### TASK DIRECTIONS
Reproduce the whole listing below without its pictures, exactly as written.
───── TASK DATA
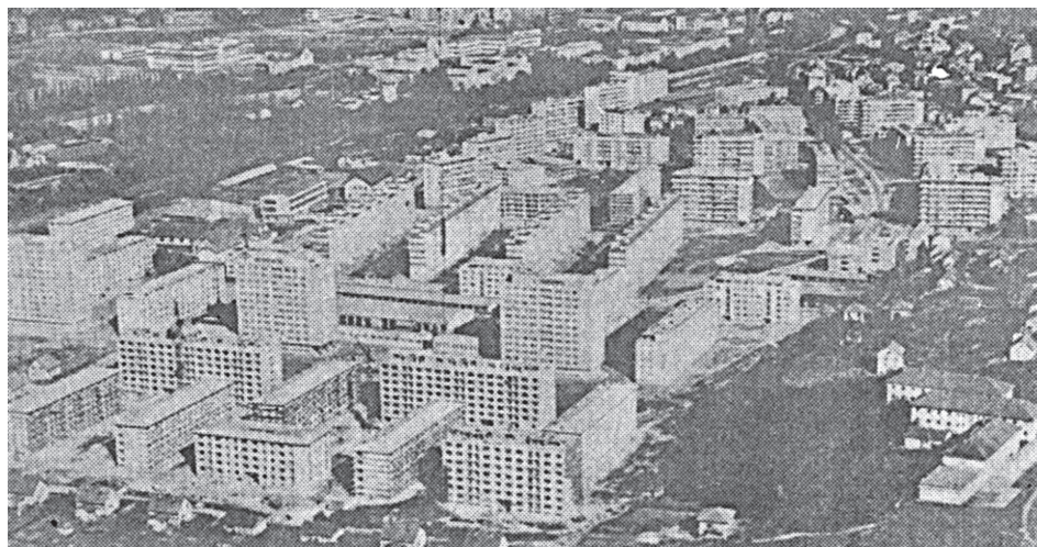
Slika 2: Grbavica u izgradnji

Međutim, Plan za Novi grad Sarajevo nije bio prihvaćen. Obzirom da su uslovi njegovog nastanka bili takvi da se nije mogla obezbijediti adekvatna geodetska podloga (korištene su karte iz austrougarskog perioda), niti detaljno proučavanje i analiza prostora, Plan je imao niz nedostataka. Međutim, Plan nije bio ni odbijen. Tražila se njegova dopuna, ali se istovremeno zauzeo stav da se prihvatljivi dijelovi Plana realiziraju. Tako se do 1950. godine izgradila današnja Željeznička stanica, bulevar Borisa Kidriča (današnja ulica Franca Lehara), ulica Đure Đakovića (današnja Alipašina ulica), most na Vrbanji (današnji Most Suade i Olge), objekti na Grbavici I, naselje „Čengić Vila“, „Višnjik“ i „Švrakino selo“, stadioni na Grbavici II i Koševu, veći broj pojedinačnih objekata. Alipašin Most i Stup se angažiraju za industriju, kao i drugi dijelovi grada (Buća-potok, Ilidža, Hrasnica, Vogošća).
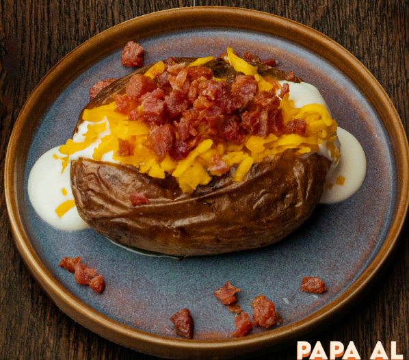
PAPA AL HORNO
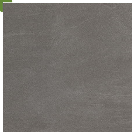
60 × 60/2 cm Y-TSN 241E GRAU · GREY
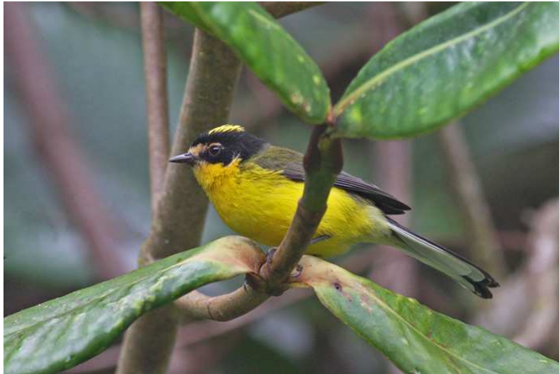
Yellow-crowned Whitestart.
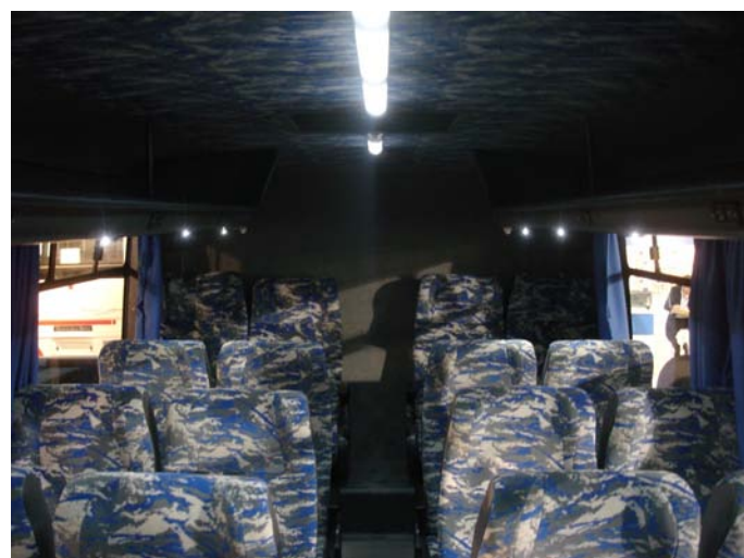
El interior del Tecnoporte cuenta con iluminación LED

Agradecemos a los encargados del stand por su atención y la folletería brindada. Muchas gracias 🚌
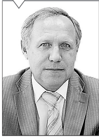
Валерий ТУРЛАЕВ, первый заместитель министра промышленности и науки Свердловской области
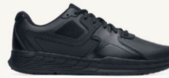
Condor II Schwarz: 22270
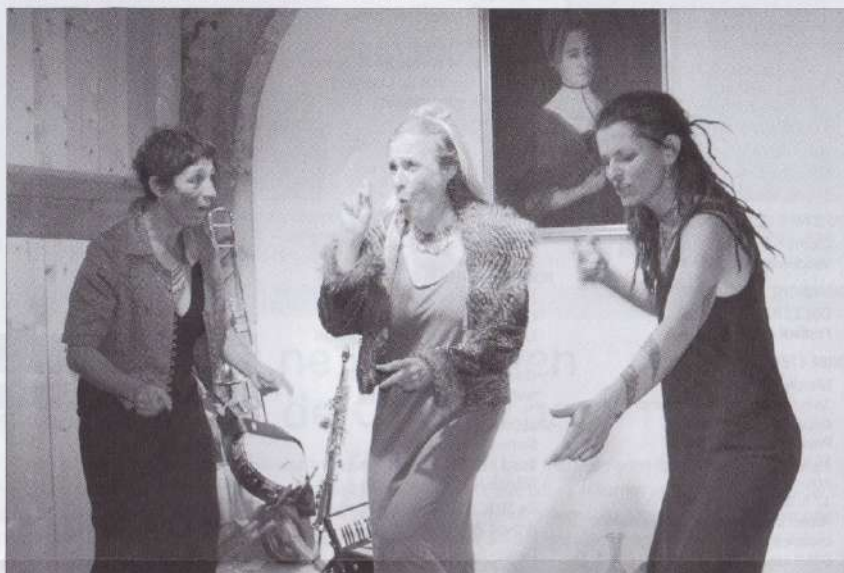
Les Souricieuses, trois femmes de France voisine qui aiment la vie, les gens et qui le démontrent avec talent et énergie.

Panaïs, Raves et Salsifis, une association à suivre et à encourager impérativement: www.panais-raves-salsifis.ch
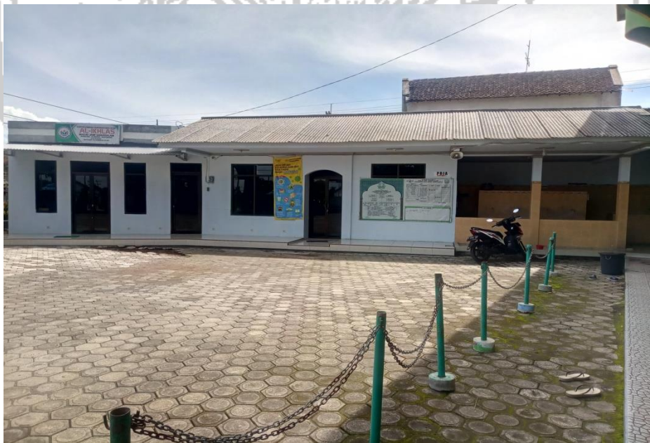
Ruang Sekretariat Ta'mir Masjid Jami' Darussalam Glenmore
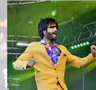
Müslüm – kein Kommentar ...
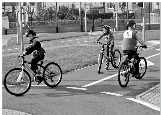
Děti na dopravním hřišti v Hustopečích.
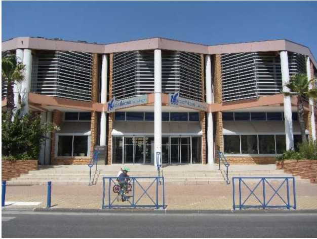
5) Médiathèque municipale Louis Aragon (1981 et 2006) - Quai des Anglais
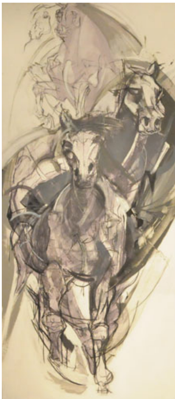
CABALLO DEL EOCENO 4
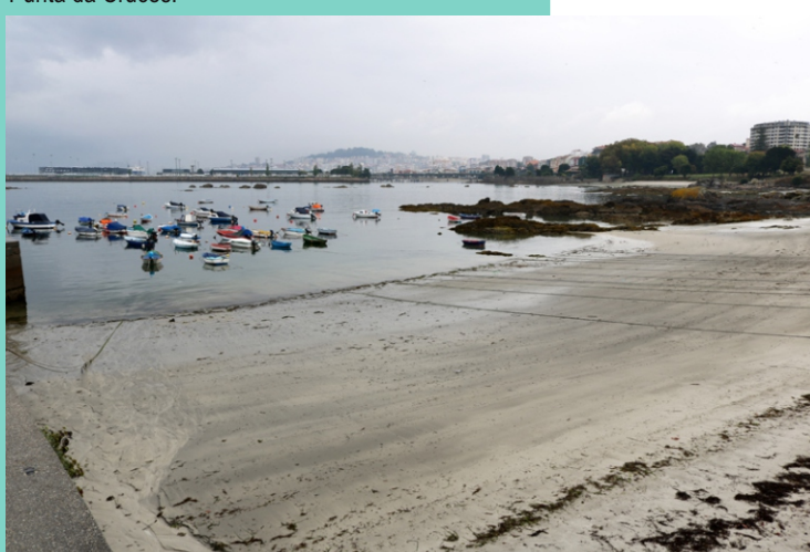
Praia do Cocho.
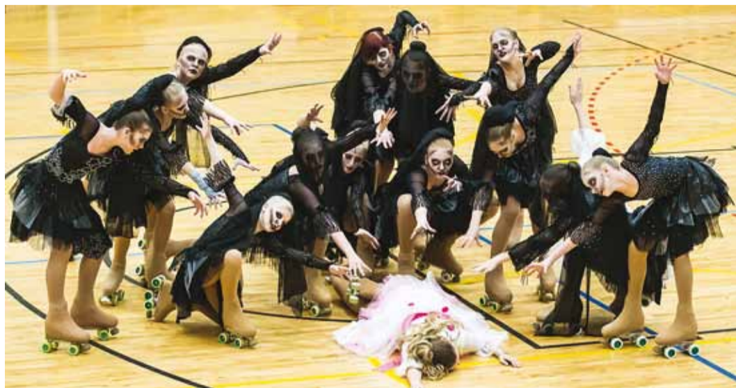
Rullest kavaga "Raniero Corbelletti". Foto Rulluisuklubi Rullest arhiiv

Rulliluisutamise Euroopa meistrivõistlustest Prantsusmaal
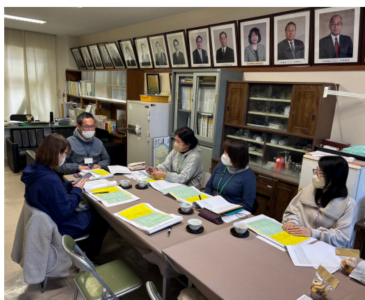
[校長室での定例会議風景]

校長先生より学校の教育目標に応じた新たな取り組みを説明して頂き、それについて意見を出し合います。今年度でいえば研究授業のテーマであった、自由進度学習や一部のクラスの問題点について、また五常小学校の教育指針などを色んな立場の人たちで話し合いました。
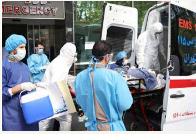
600 شخص يدخلون المستشفى في طهران كل يوم

وكان مركز أبحاث البرلمان الإيراني قد ذكر من قبل أن عدد ضحايا كورونا في إيران ضعف العدد المعلن من قبل وزارة الصحة.
──────────
### RESULT OF THIS EXERCISE
Slika 2: Grbavica u izgradnji

Međutim, Plan za Novi grad Sarajevo nije bio prihvaćen. Obzirom da su uslovi njegovog nastanka bili takvi da se nije mogla obezbijediti adekvatna geodetska podloga (korištene su karte iz austrougarskog perioda), niti detaljno proučavanje i analiza prostora, Plan je imao niz nedostataka. Međutim, Plan nije bio ni odbijen. Tražila se njegova dopuna, ali se istovremeno zauzeo stav da se prihvatljivi dijelovi Plana realiziraju. Tako se do 1950. godine izgradila današnja Željeznička stanica, bulevar Borisa Kidriča (današnja ulica Franca Lehara), ulica Đure Đakovića (današnja Alipašina ulica), most na Vrbanji (današnji Most Suade i Olge), objekti na Grbavici I, naselje „Čengić Vila“, „Višnjik“ i „Švrakino selo“, stadioni na Grbavici II i Koševu, veći broj pojedinačnih objekata. Alipašin Most i Stup se angažiraju za industriju, kao i drugi dijelovi grada (Buća-potok, Ilidža, Hrasnica, Vogošća).
PAPA AL HORNO
60 × 60/2 cm Y-TSN 241E GRAU · GREY
Yellow-crowned Whitestart.
El interior del Tecnoporte cuenta con iluminación LED

Agradecemos a los encargados del stand por su atención y la folletería brindada. Muchas gracias 🚌
Валерий ТУРЛАЕВ, первый заместитель министра промышленности и науки Свердловской области
Condor II Schwarz: 22270
Les Souricieuses, trois femmes de France voisine qui aiment la vie, les gens et qui le démontrent avec talent et énergie.

Panaïs, Raves et Salsifis, une association à suivre et à encourager impérativement: www.panais-raves-salsifis.ch
Ruang Sekretariat Ta'mir Masjid Jami' Darussalam Glenmore
Müslüm – kein Kommentar ...
Děti na dopravním hřišti v Hustopečích.
5) Médiathèque municipale Louis Aragon (1981 et 2006) - Quai des Anglais
CABALLO DEL EOCENO 4
Praia do Cocho.
Rullest kavaga "Raniero Corbelletti". Foto Rulluisuklubi Rullest arhiiv

Rulliluisutamise Euroopa meistrivõistlustest Prantsusmaal
[校長室での定例会議風景]

校長先生より学校の教育目標に応じた新たな取り組みを説明して頂き、それについて意見を出し合います。今年度でいえば研究授業のテーマであった、自由進度学習や一部のクラスの問題点について、また五常小学校の教育指針などを色んな立場の人たちで話し合いました。
600 شخص يدخلون المستشفى في طهران كل يوم

وكان مركز أبحاث البرلمان الإيراني قد ذكر من قبل أن عدد ضحايا كورونا في إيران ضعف العدد المعلن من قبل وزارة الصحة.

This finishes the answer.